Have we been followed? I don’t think so. I have heard no shouts, though the intruder alarm is still wailing behind us.
‘This way,’ I say, pointing in the direction of North Shields, a couple of kilometres away.
And so we run along the track, past back gardens and through a gap in the fence, which tears a long rip in my jacket, and we’re in the playground of Seb’s primary school, and still we don’t stop till we’ve climbed over the spiked railings and we’re at the end of the back lane of Susan’s street with her rear gate to our left and my house a bit further on.
It’s pretty dark at this end, and there’s a patch of grass where I sink to my knees, my chest heaving. With shaking hands, I take out the Dreaminator and examine it. One of the pyramid sides has been bent, and there’s a crack in the bamboo hoop, but it’s otherwise all right. I hope. Susan is less puffed-out that I am, although she’s just as scratched and filthy.
You okay?’ I say after a moment, and she nods. ‘Thanks for getting me.’
‘Kezia just left you!’ she says in a tone of disbelief. ‘When her dad turned up on his motorbike, she tossed me the keys and told me to make myself scarce and to put them back when I was done. I am sorry. I had to wait until her dad had gone from the front office, and he had reset the alarm. What a … what a …’
I’m waiting for Susan to choose her insult for Kez Becker. I have never heard her say anything nasty about anyone.

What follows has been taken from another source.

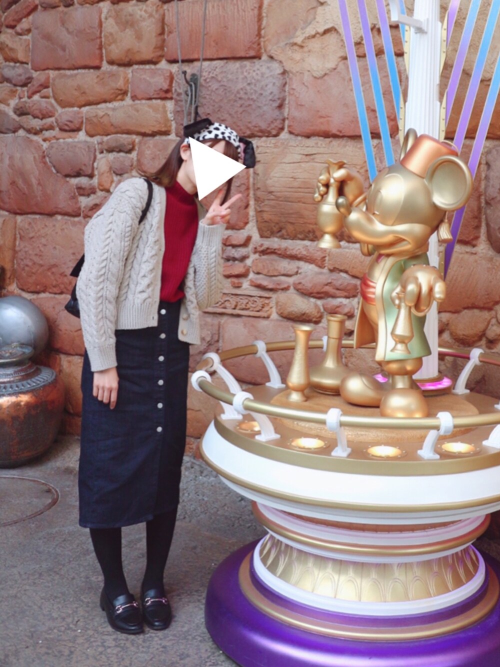 どんだけディズニー行ってんねん、自分✋🏻💥 真っ赤なニットは差し色に❤️ 見た目からもあったかくなれるゆるニットは今年大活躍! GUのロングタイトスカートはどんなニットにも合うから本当に優秀✨ ローファーは足を華奢に見せてくれる気がするのでデートにはいいかな。
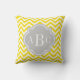Cinza quínica e padrão quatrefoil amarelo-quevron e marroquino travesseiro decorativo com monograma de 3 letras. Almofadas de travesseiro de faixa de zague elegantes para dentro ou fora, sofá, cadeira ou cama. Cor de ziguezague personalizável. Decoração de impressão para casa personalizada para quarto de criança, espaço de vida, creche de bebês, jardim etc. Acessórios decorativos para negócios modernos em casa ou em casa. Adicionar iniciais e letras do apelido da família

I still haven’t. She finishes her sentence with a tut and a shake of her head, and hands me back my phone.
I turn it on and stare at it while it boots up. I’m still panting a little – more, I think, from nerves than exhaustion.
‘Oh no,’ I say and Susan crouches down next to me.
‘What’s wrong?’
Eleven missed calls: all from Uncle Pete. Plus two voicemails, and three text messages. Reluctantly, I click on messages. This can’t be good news.
That last one was only five minutes ago. I can’t call him, I don’t dare. Instead, I send a text back.
It’s a poor excuse but it’ll have to do.
Susan and I face each other on the scrappy patch of grass.
‘Do I look as rough as you?’ I ask, taking in her mud-streaked, torn clothes, her hair which for once is filthy and messed up, and a deep thorn-scratch on her cheek.
She smiles. ‘No. You look great! Tiptop. Never looked better.’
We both chuckle nervously before a slightly awkward pause.
She says, ‘Good luck.’ Then she leans in and hugs me, pinning my arms to my sides so I can’t hug her back, even though I was going to.
‘Do you know what you have to do when you use the Dreaminator?’ she says.
‘Not really.’
Susan chews her cheek in thought. ‘Go to the edge of your dream and then go further. That is what Mola said.’
‘Do you even know what that means?’
Susan smiles her closed-mouth smile and says, ‘Not really. Sorry.’ We stand facing each other for a moment, then she says, ‘Good luck,’ again before turning and walking away and I do the same.
I’ve gone about ten metres when she calls my name and I look back. ‘I might see you there,’ she says. I nod and wave, not really understanding or even sure that I heard right.
She might see me there? See me where?
But I soon forget about that. Uncle Pete is standing on the front step when I turn up our little driveway, and he does not look happy.